Dibujo de un interno de Madrid VII

14.09.2020 José Arregi

Acaba de darse un paso decisivo en el camino a la justicia para con los asesinados en 1989 en la universidad jesuita de la UCA (San Salvador), en aquella negra madrugada de luna: Segundo Montes, Ignacio Ellacuría, Amando López, Ignacio Martín-Baró, Juan Ramón Moreno y Joaquín López, jesuitas, y Julia Elba Ramos, cocinera de la residencia jesuita, y su hija de 15 años Celina Mariceth Ramola. No podía dejar de nombrarlos a todos por su nombre y apellido de mártir.

La Audiencia Nacional española ha condenado al ex coronel y ex viceministro de Seguridad de El Salvador, Inocente Orlando Montano, a la pena de 133 años y tres meses, 26 años y pico por cada uno de los cinco jesuitas asesinados de nacionalidad española, pues solo en su caso posee jurisdicción el tribunal español.

Me felicito. El alto tribunal ha reconocido solemnemente la verdad de los hechos, que solo se ocultaba a quien no quería ver: los ocho asesinatos “fueron urdidos, planeados, acordados y ordenados por miembros del alto mando de las Fuerzas Armadas, órgano al que pertenecía Inocente Orlando Montano como viceministro de la Seguridad Pública”. Ha confirmado que en la masacre participó el entonces presidente de la República, Alfredo Cristiani.

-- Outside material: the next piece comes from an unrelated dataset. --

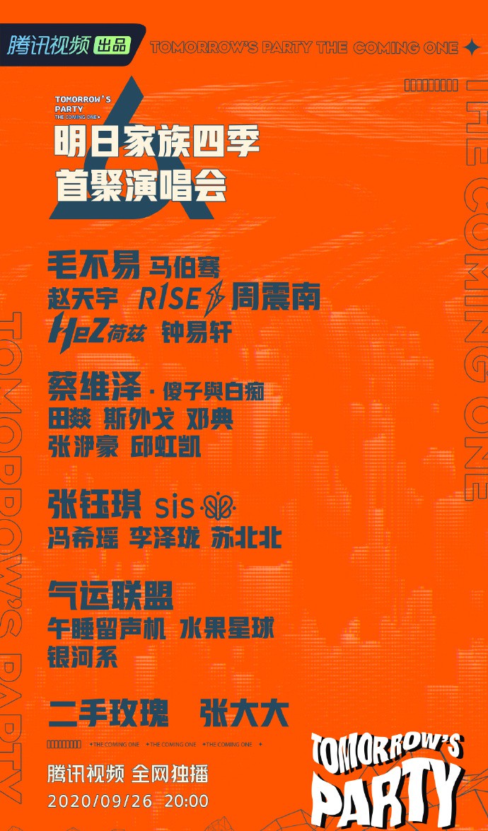 9月21日中午,腾讯视频《明日之子》两大官博同时官宣明日家族四季首聚演唱会的嘉宾阵容,四季厂牌前三名,除了水晶时代的BY2外,全员到齐,这也是明日之子首次聚集四季前三甲。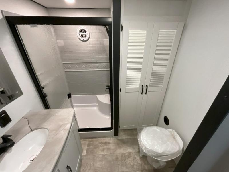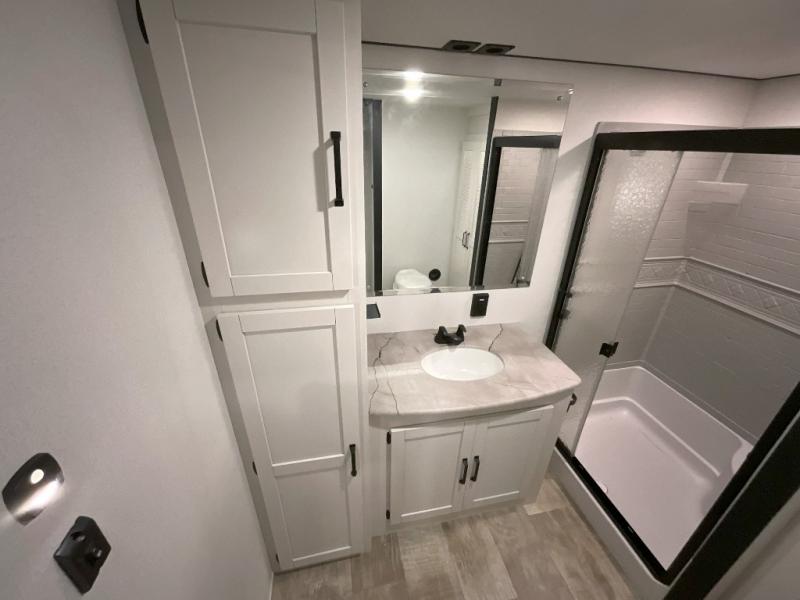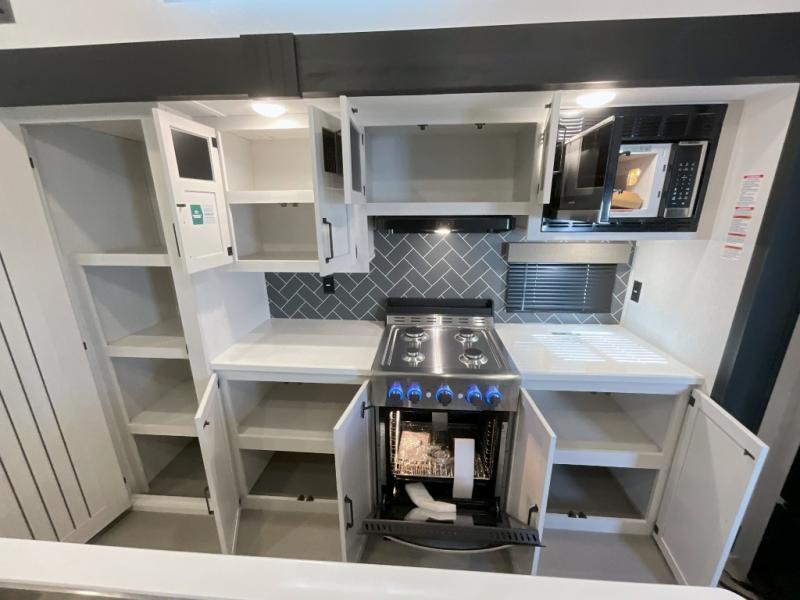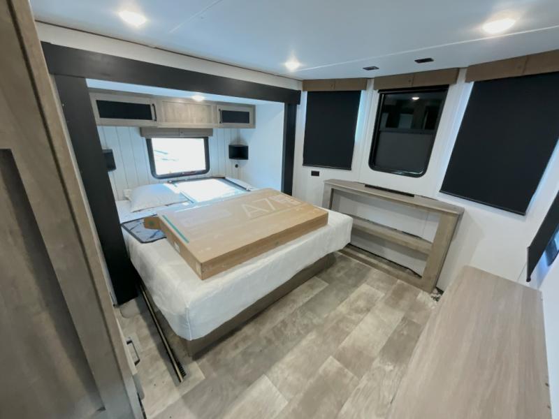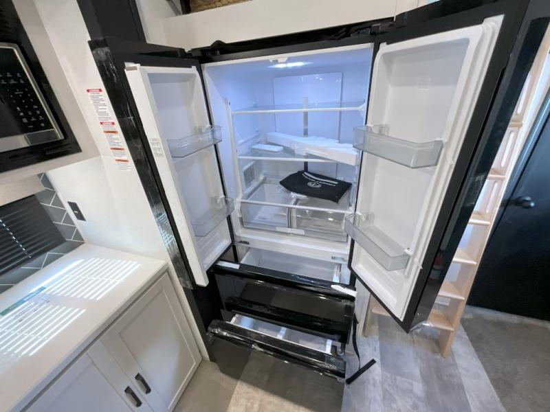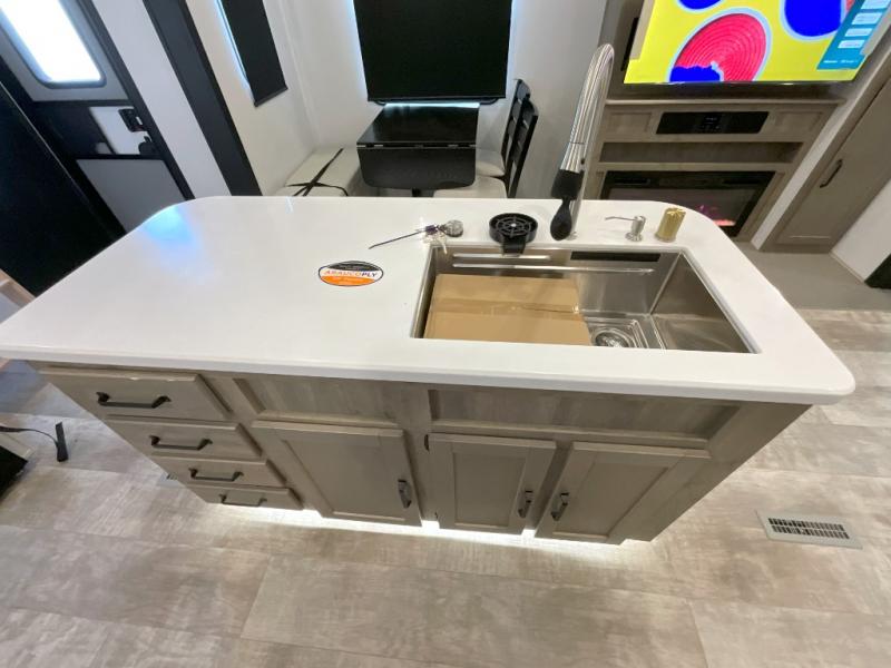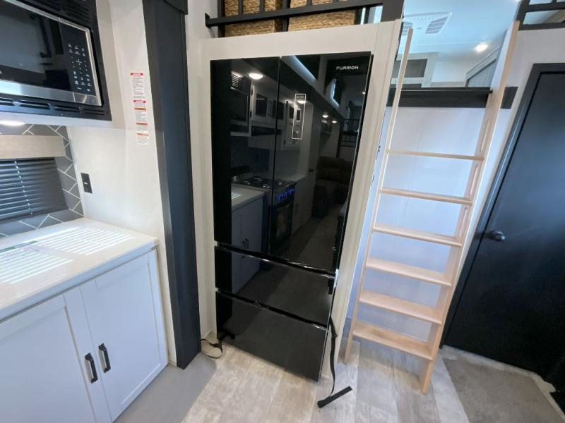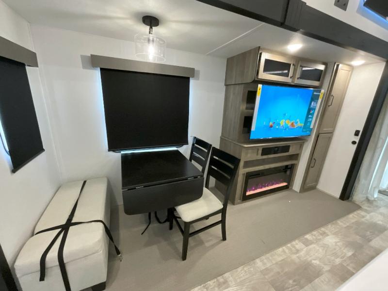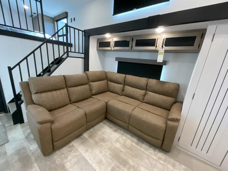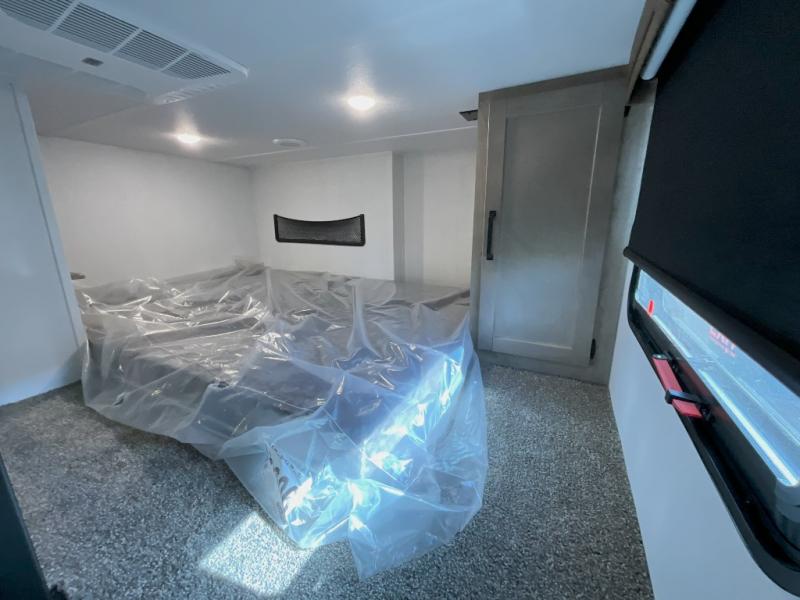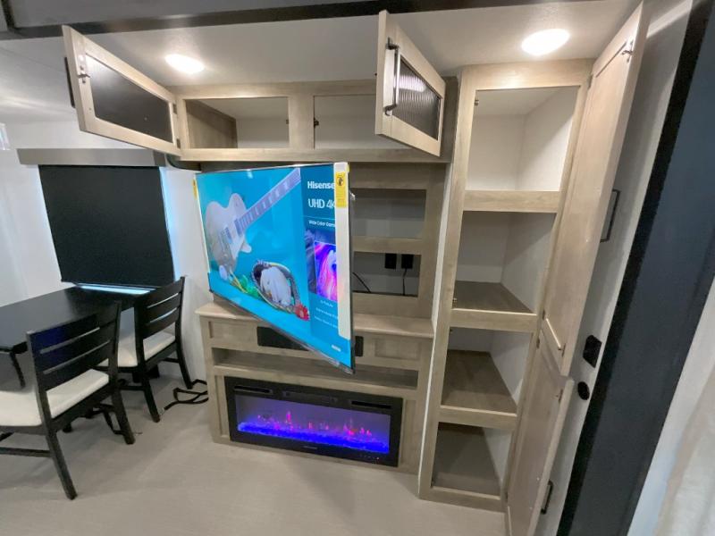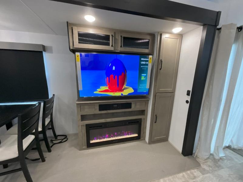 Head to your favorite spots with this destination trailer! With two entry doors, you can easily enter or exit the unit. The front private bedroom includes a king bed slide out, a wardrobe and dresser to keep your clothes organized, plus a countertop for your books or jewelry. Just outside this room is the ladder that leads to the large loft area with two 32" x 80" bunk mats, a cubby, a counter, a nightstand, and cabinets. Once you've headed back downstairs, you can relax on the L-shaped sofa across from the entertainment center with a fireplace and slide-out cabinet or the table and chairs with bench seating. And the chef of your group will love the kitchen with its residential style refrigerator and pantry, kitchen island, and four burner cooktop. The full rear bathroom not only has a 32" x 40" shower with a seat to freshen up in, and a closet with washer/dryer prep, but is also below the second loft with a 32" x 80" bunk mat and closet for storage!

Ha certificado que la cúpula del gobierno nacional cometió gravísimos delitos de violencia armada “con el fin de perpetuar sus privilegiadas posiciones”, y que mintieron y utilizaron todo su poder para hacer creer que las víctimas “actuaban como agentes de una confabulación socialista-comunista”, y con su teología de la liberación incitaban a los campesinos a “una conspiración comunista internacional al servicio del Kremlin”. Ha calificado los hechos como lo que son: “terrorismo desde el Estado”.

La dura y tajante condena judicial no bastará para devolver la vida a las víctimas, pero es una condición necesaria para dignificar su memoria, legitimar su causa y rehabilitar a todos los que, antes y después, dieron su vida por la misma causa en todos los lugares de esta Tierra martirizada. Es una forma de resucitarlos. La condena judicial de quienes cometieron tales atrocidades es, pues, justa y necesaria. No puede haber justicia sin verdad.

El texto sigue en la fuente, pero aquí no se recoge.